There has recently been an interesting conversation on the Bricolage mailing list in reaction to a review posted here. I like reading these threads as they progress from indignant rejection of criticism (some major inaccuracies like that the project is dead and also some constructive feedback) to introspection and the acceptance of new ideas and input. On the point of the project being dead, the mailing list started to think about ways to keep the website more up to date and be more vocal about new developments - not everyone, including some software reviewers it seems, reads the mailing list. One of the very valid points was how difficult Bricolage is to install. Having installed it several times on various platforms as well as many other open source CMS, I can confidently say that Bricolage is one of the hardest installs that I know of. I remember Midgard also being pretty bad but that was a long time ago and they may have improved. The general consensus within the list was that installing Bricolage is pretty much a nightmare unless you are running Debian.
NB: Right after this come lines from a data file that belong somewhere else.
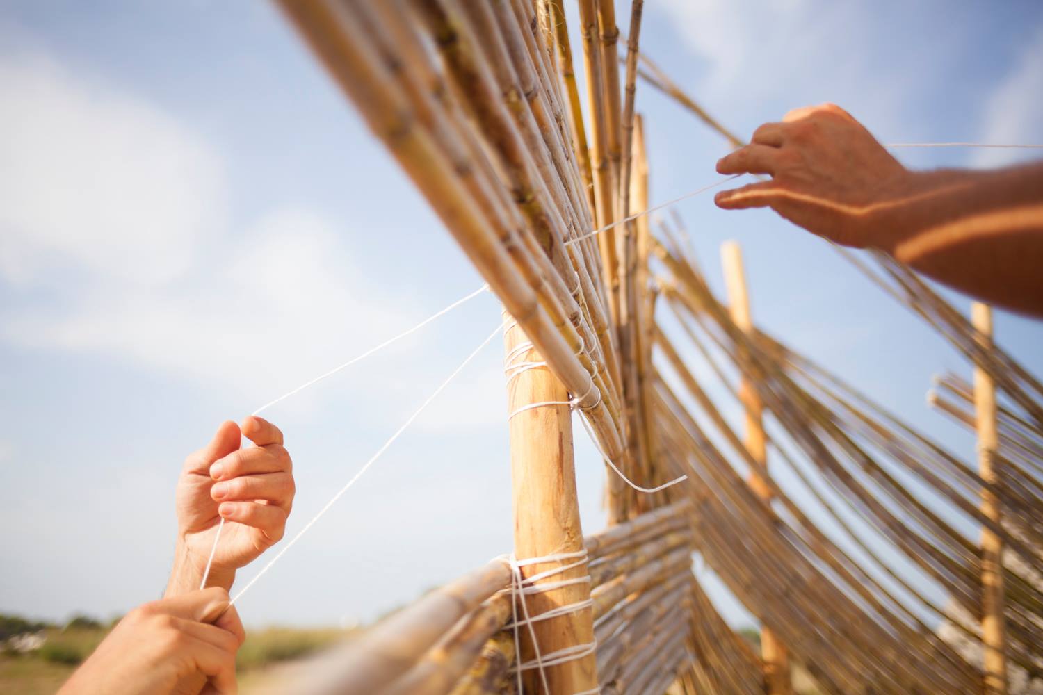 Workshop in collaboration with the architect Francesco Poli, expert in natural architecture (LAN - laboratory for natural architecture). We studied of the characteristics of the material, to recognize the age, proportions and degree of flexibility of Arundo Donax cane.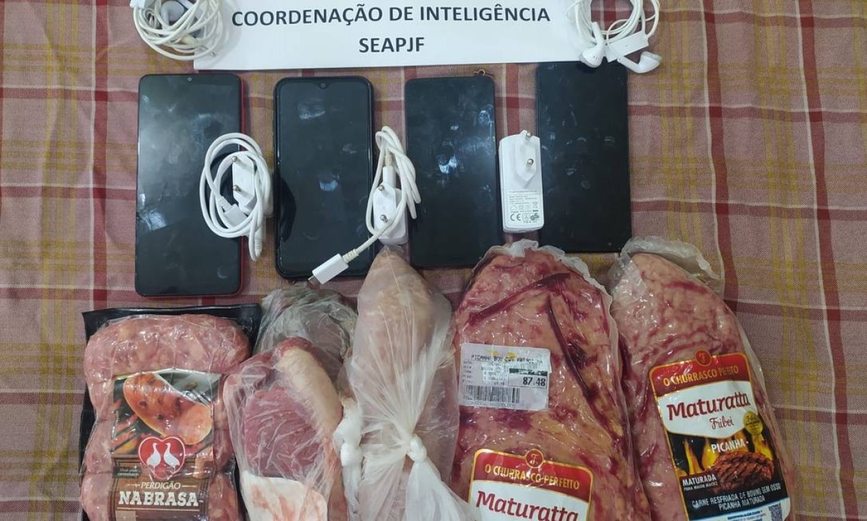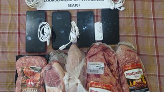 Celulares e carne foram apreendidos na galeria de Glaidson Acácio,que acabou sendo transferido para presídio de segurança máxima — Foto: Divulgação / Seap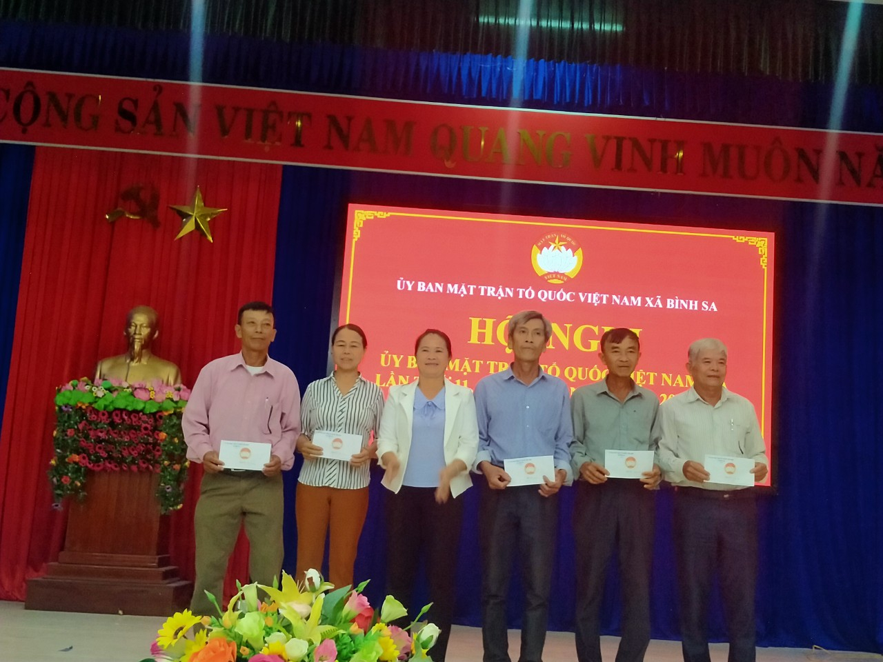 Tại hội nghị này UBMTTQVN xã đã khen thưởng cho 5 ban công tác mặt trận thôn đã thu vượt chỉ tiêu vạn động quỹ người nghèo.
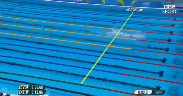 奧運就是一群快、高、強的人在追求更快、更高、更強。今年19歲的Katie Ledecky是美國遊泳隊的成員,2012年時,年紀輕輕的她就拿下800公尺自由式金牌,並創下世界紀錄。這次裏約奧運會中,她的成績又有所提高。比賽前大家就知道她能力出眾,沒想到這次她竟然比亞軍快了將近12秒,鏡頭轉到她時,就好像泳池中只有她一個人在比賽。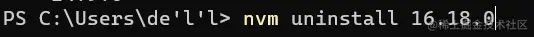 (6) 如果想删除某node.js版本的话,输入命令行nvm uninstall node版本号(例如:nvm uninstall 16.18.0)即可删除对应版本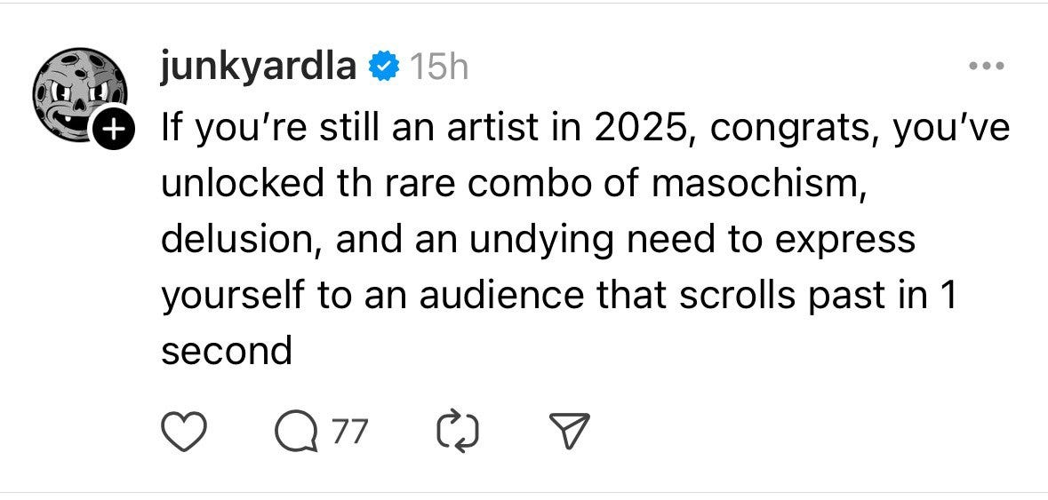 ❐ <internet wisdom to leave you with/> This month’s artist venting post comes from Threads - my new favourite place, xaxa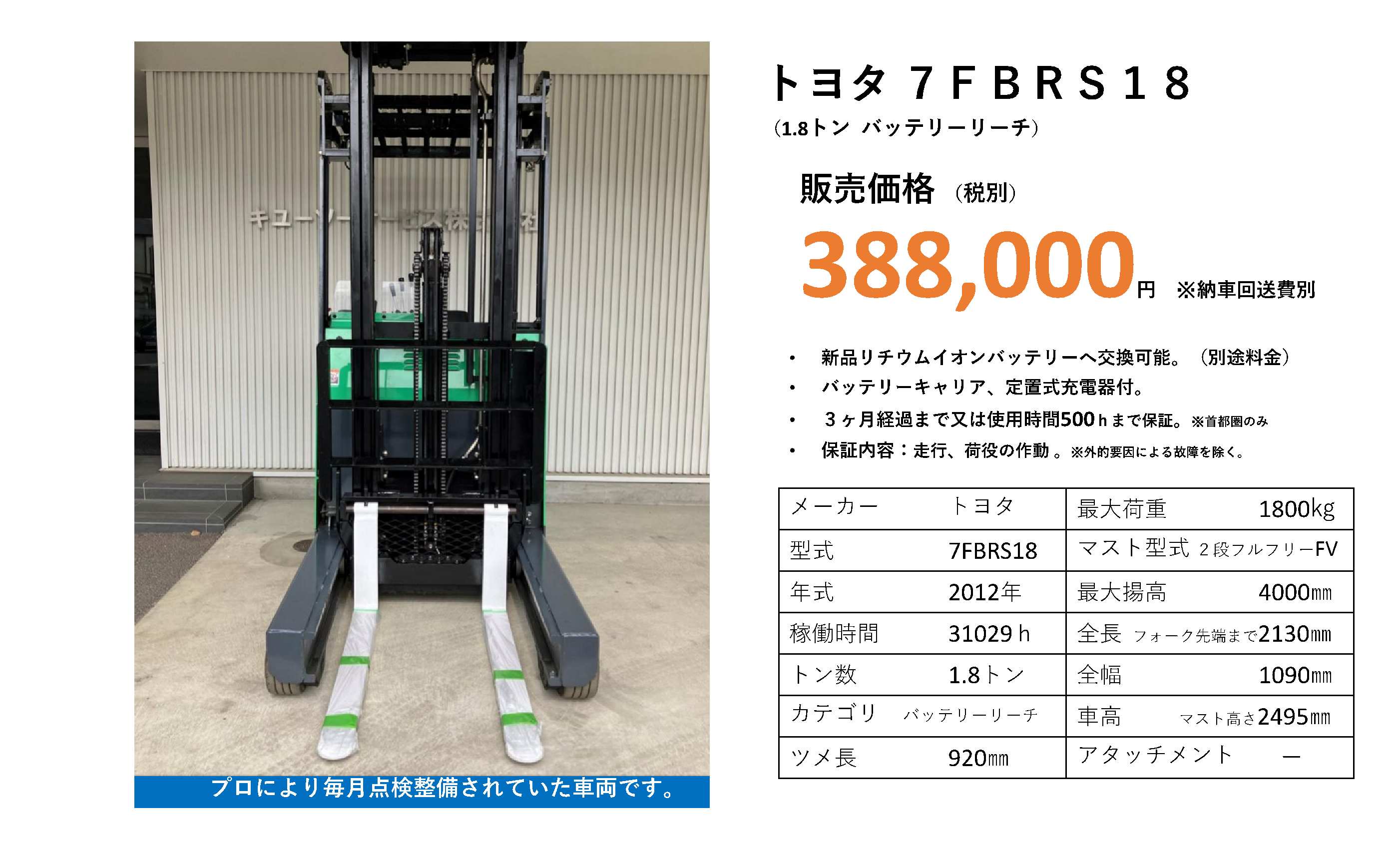 当社ではフォークリフトの中古車を販売しています。 今回のご紹介はこちら ★トヨタリーチフォークリフト中古車7FBRS18 <お問合せはこちらまで> キユーソーサービス株式会社 東京営業所 菅野宛 電話番号:080-2072-7661
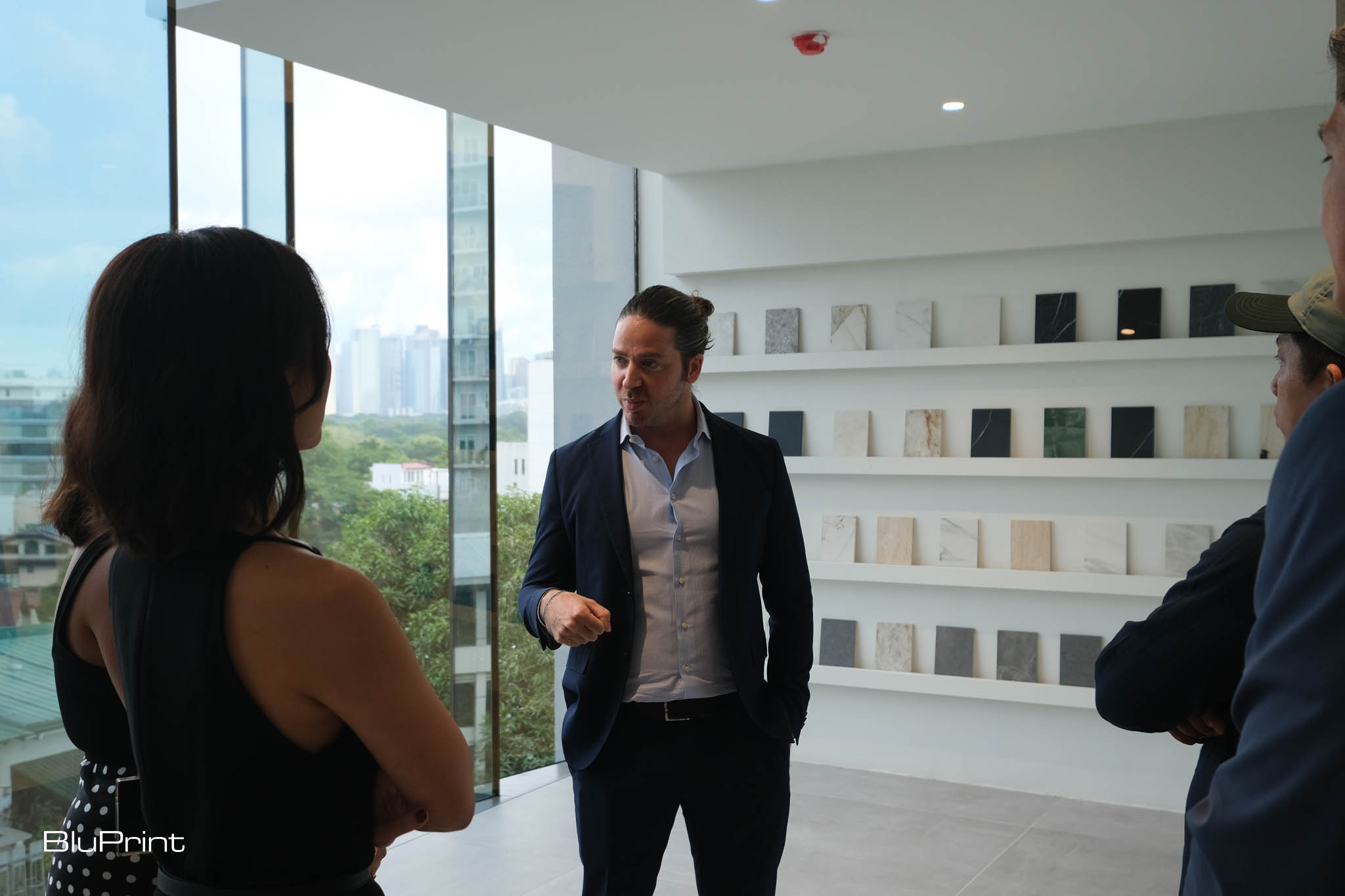 Tile Gallery President Kenneth Hing followed with an inspiring speech, reflecting on the journey to create this unique space. He acknowledged the partnerships with renowned brands like Olivari, Meridiani, and Atlas Concorde, all committed to craftsmanship and design innovation. Hing emphasized that The Tile Gallery offers the essential elements to transform spaces into personalized stories.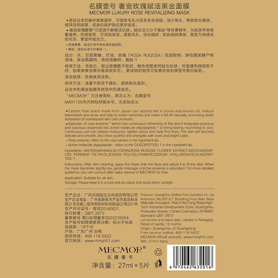 玫瑰花黑金面膜,满载玫瑰精粹和养分,充分补水润泽肌肤让你告别“黑历史”。同时具有淡淡的自然花香,带给你SPA级护肤体验。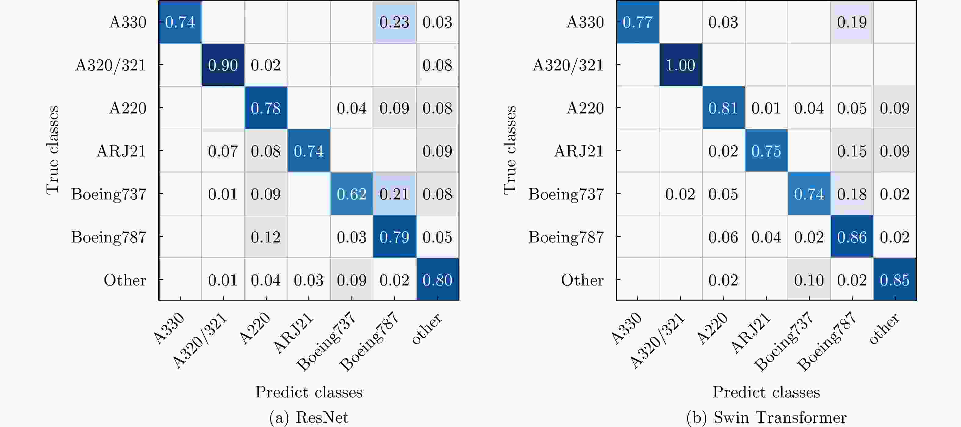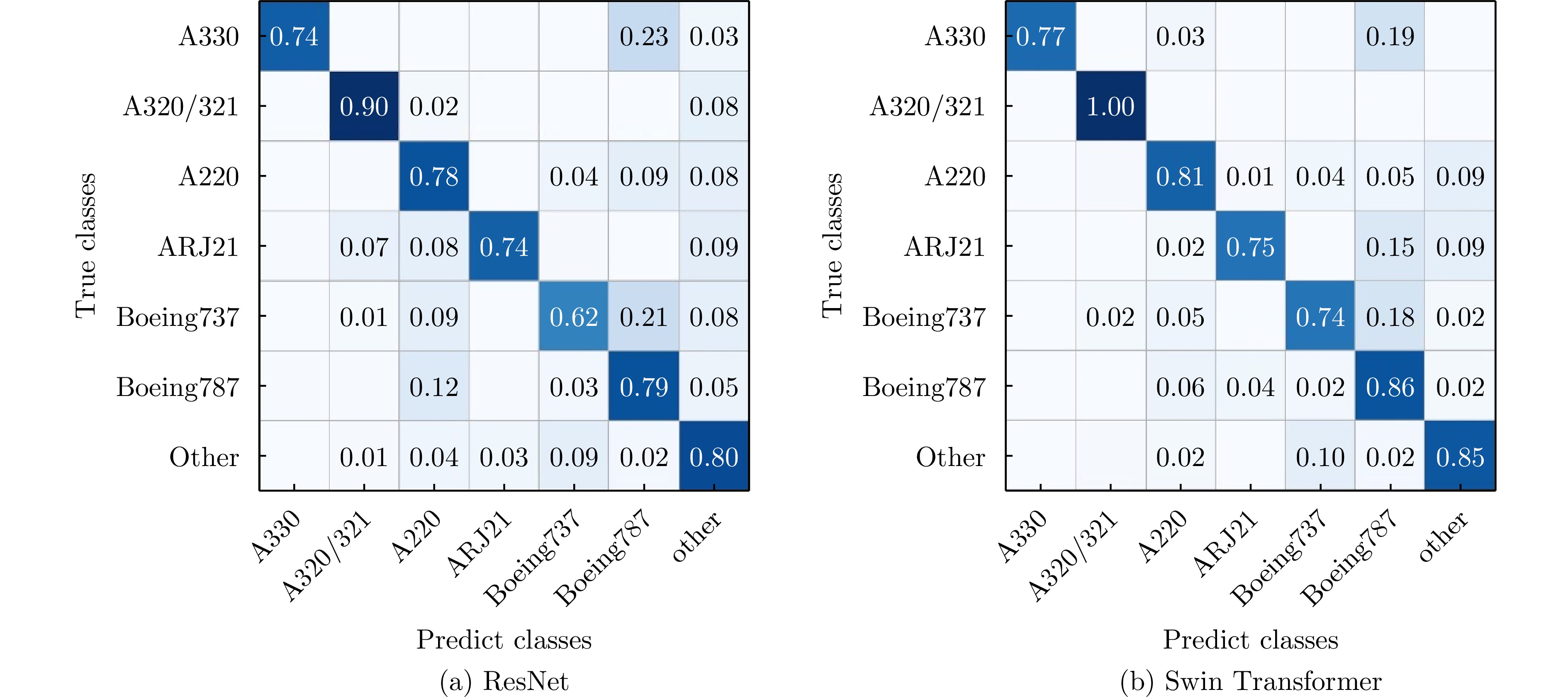 Methods Acc (top-1/top-3) A330 A320/321 A220 ARJ21 Boeing737 Boeing787 Other ResNet-50 75.59/89.19 74.19 90.38 78.04 73.76 61.64 78.63 80.50 ResNet-101 78.58/90.37 93.55 98.08 76.96 73.76 71.82 74.67 84.82 ResNeXt-50 80.61/89.46 83.87 94.23 78.91 74.86 73.27 83.04 85.40 ResNeXt-101 82.20/91.83 87.10 100 80.87 79.83 71.09 83.92 87.70 Swin Trarsformer 81.29/ 92.51 77.42 100 80.87 74.59 73.82 86.12 84.82 表 5 The performance of the algorithms based on deep learning (IoU=0.5)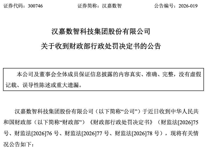 4月13日,汉嘉数智(300746)公告称,公司于近日收到中华人民共和国财政部(以下简称“财政部”)《财政部行政处罚决定书》。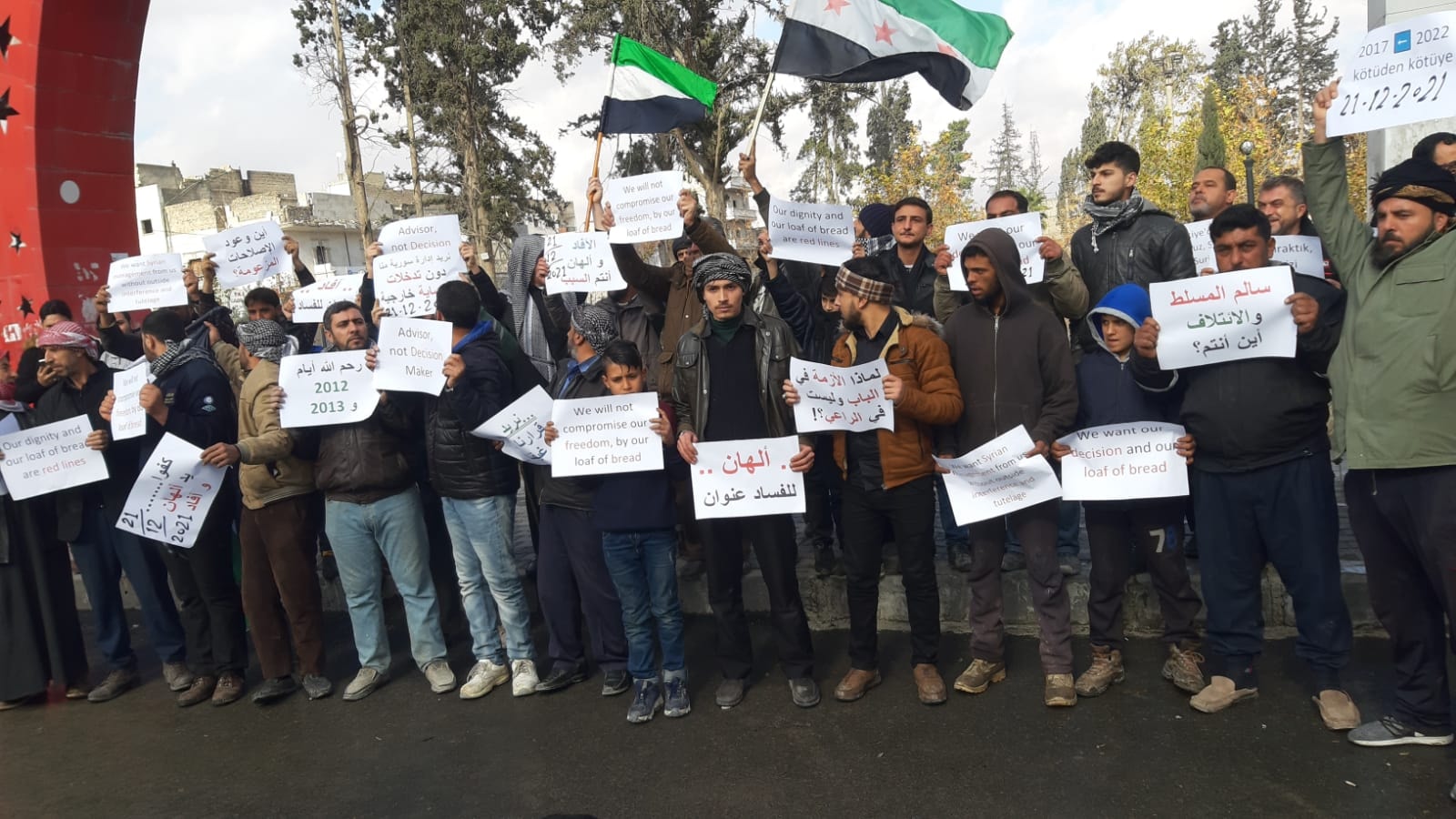 ونظّم المتظاهرون، وقفة تحت اسم “العزة والكرامة” وتجمّعوا في ساحة “السنتر” قرب الحديقة العامة وسط مدينة الباب، احتجاجاً وتنديداً بارتفاع سعر مادة الخبز وغلاء المواد التموينية.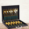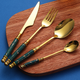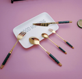 Izanstore is presenting you 24 Pcs Luxury Modern Set- Gold & Green Marblene Cutlery. This modern Cutlery set at the table is the first item that meets the diners’ eyes. Proportion, balance, and craftsmanship are the criteria of a quality Cutlery set, made of pure stainless steel.

While reading the thread, I was thinking about how in the not so long ago past, no enterprise software installation was a trivial task. Installing these systems required a significant amount of time by even experienced engineers. When I worked in professional services for a CMS vendor, our teams were always deployed after an installation engineer (who did nothing but product installations) took three days to install the product. And that is after the customer could demonstrate a fully operational database and J2EE certified application server. Perhaps we shouldn't abandon this expectation altogether.
Many of the open source CMS that I track have packaged installers or self contained bundles that you can just download and run. Open source applications should definitely have this capability. Otherwise, the primary advantages of the open source model (cheap distribution and accessibility for experimentation) are lost. It doesn't take long for a user to give up on an application if he is presented with roadblocks before even experiencing the features of the software. Many products take this accessibility one step further by setting up hosted installations so that business users can try out the software without even installing it.
Of course, you should never use these installations in a production environment but they are good for trying out the software and, perhaps, for a development environment. If you want to run a production system, you need to really understand the application, its vulnerabilities and how it behaves. Arjé Cahn, from Hippo CMS has a very good blog post reminding us about how important it is to pay attention to software configuration even for software, like Apache, that has a reputation for being secure. In the JBoss administrators class, you learn that JBoss "out of the tarball" is totally insecure and can be shut down or compromized by anyone with network access to the box. For tips on securing your JBoss installation, go here. Shipping JBoss this way makes a lot of sense. With all the security turned on, your average developer is going to constantly run into obstacles and not know whether it is his code or something else. It is the system administrators job to lock it down... and then break application ;). TYPO3 does a nice job of keeping vulnerability warnings in your face until you change the password from the default and delete the setup files. Some products like eZ publish allow you register your site and have services for monitoring your application. This could be a good way to provide a vulnerability report service.
I think the message for all enterprise software should be to keep the hurdle to experimentation as low as possible but be very clear about what it takes to establish a robust, secure production environment.